N° 907 | du 27 novembre 2008 | Numéro épuisé

Faits de société

Le 27 novembre 2008

Le rendez-vous des générations

Joël Plantet

Pour la première fois, quatre voire cinq générations s’engagent dans le nouveau millénaire. Quel horizon pour les plus vieux ? Plutôt dynamique, une première Biennale de l’intergénération a recensé les innovations en la matière

Perte des liens affectifs, isolement résidentiel ou social, repli sur soi, sentiment d’insécurité… Certes, lorsqu’elles existent, les solidarités familiales se conjuguent avec les offres de services à domicile, sans être pour autant toujours suffisantes. Les personnes âgées sont-elles condamnées, surtout dans certaines régions, à vivre marginalisées ?
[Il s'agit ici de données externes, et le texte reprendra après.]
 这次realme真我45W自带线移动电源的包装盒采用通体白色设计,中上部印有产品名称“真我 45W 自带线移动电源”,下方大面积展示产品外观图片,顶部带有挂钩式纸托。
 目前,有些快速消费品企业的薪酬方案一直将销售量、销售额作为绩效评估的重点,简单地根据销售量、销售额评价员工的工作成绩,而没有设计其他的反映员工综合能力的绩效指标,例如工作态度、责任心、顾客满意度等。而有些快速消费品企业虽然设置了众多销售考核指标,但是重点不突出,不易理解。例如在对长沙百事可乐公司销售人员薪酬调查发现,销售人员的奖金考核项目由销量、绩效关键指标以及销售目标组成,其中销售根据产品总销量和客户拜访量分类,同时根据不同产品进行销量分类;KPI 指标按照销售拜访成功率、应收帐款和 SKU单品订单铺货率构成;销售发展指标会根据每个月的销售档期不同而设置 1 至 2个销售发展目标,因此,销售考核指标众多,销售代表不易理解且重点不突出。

Novatrice et transversale, l’intergénération avance à grands pas, quoique encore mal connue ou mal reconnue en raison des cloisonnements institutionnels ou sectoriels. Les actions sont le plus souvent locales, ponctuelles, méconnues au-delà de leurs sites. L’enjeu serait donc de passer à une étape de renforcement du concept, qui deviendrait un choix de société. Initiée à Paris par l’association Accordages, une première Biennale de l’intergénération a voulu recenser les initiatives innovantes : conjuguant vie sociale et vie à domicile, de nombreuses structures ou collectivités locales encouragent en effet des partages de logement, des portages de livres, des animations à domicile, des veilles de voisinage et d’autres démarches [1]
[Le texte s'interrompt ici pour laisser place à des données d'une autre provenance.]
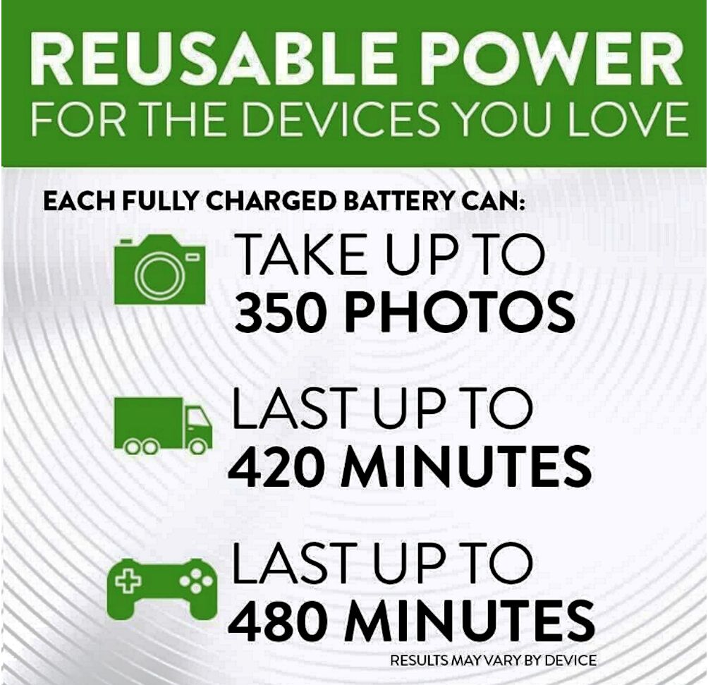 Аккумуляторные батареи Energizer Recharge Power Plus не только экологически безопасны, но и экономичны, что является идеальным выбором и экономией средств в долгосрочной перспективе,- в отличии от простых или алкалиновых батареек, Вы сможете использовать аккумуляторы множество раз.

Des accompagnements assurés par des professionnels, des jeunes du service civique volontaire ou des bénévoles de tous âges favorisent l’accès à certains loisirs. Les technologies de l’information et de la communication sont souvent l’objet de nouveaux apprentissages. Dans ce paysage, l’intergénération apporte son dynamisme.
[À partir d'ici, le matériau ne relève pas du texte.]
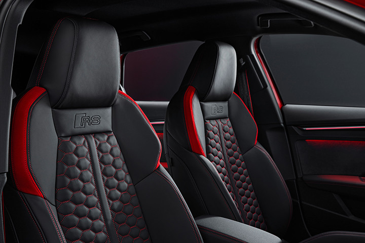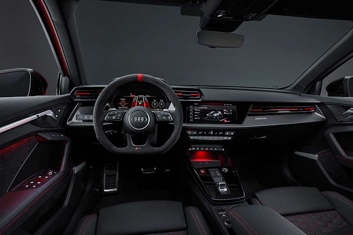 这一代奥迪A3所采用的内饰布局在运动感以及科技感均有不错的表现,上置的六边形空调出风口更是被网友称为“兰博基尼同款”设计。而在这台全新奥迪RS3上更是将竞技感发挥到极致,配备了带有压花纹路的RS运动座椅,RS方向盘采用了Alcantara材质进行包裹,在空调出风口也加入了亮色饰条营造出更强的座舱氛围。

Novatrice et transversale, l’intergénération avance à grands pas

« Un épanouissement qui n’en finit pas » : ainsi Gisèle Bessac, de La Maison ouverte, définit-elle, optimiste, la vieillesse. L’association vient de mettre en place (à Paris) sa deuxième maison de quartier, lieu défini par un double accueil gérontologique et culturel, animant des ateliers créatifs pour les plus de 55 ans. Depuis dix ans, agréée par Jeunesse et sports, l’association des Grands-parrains (et parfois arrière-grands-parrains !) organisent des parrainages de proximité. Le service municipal intergénérationnel de Colombes (92) multiplie les initiatives : rencontres entre centres de loisirs et retraités, création d’un Jardin des générations, association de vieilles personnes conteuses, et même groupe de slam retraités / jeunes. Un spectacle sur la maladie d’Alzheimer a réuni un large panel entre 8 et 90 ans. Des colonies intergérationnelles (11 retraités, 44 enfants) partent depuis deux ans sur l’île de Groix… En projet, la création d’une Maison de l’intergénérationnel.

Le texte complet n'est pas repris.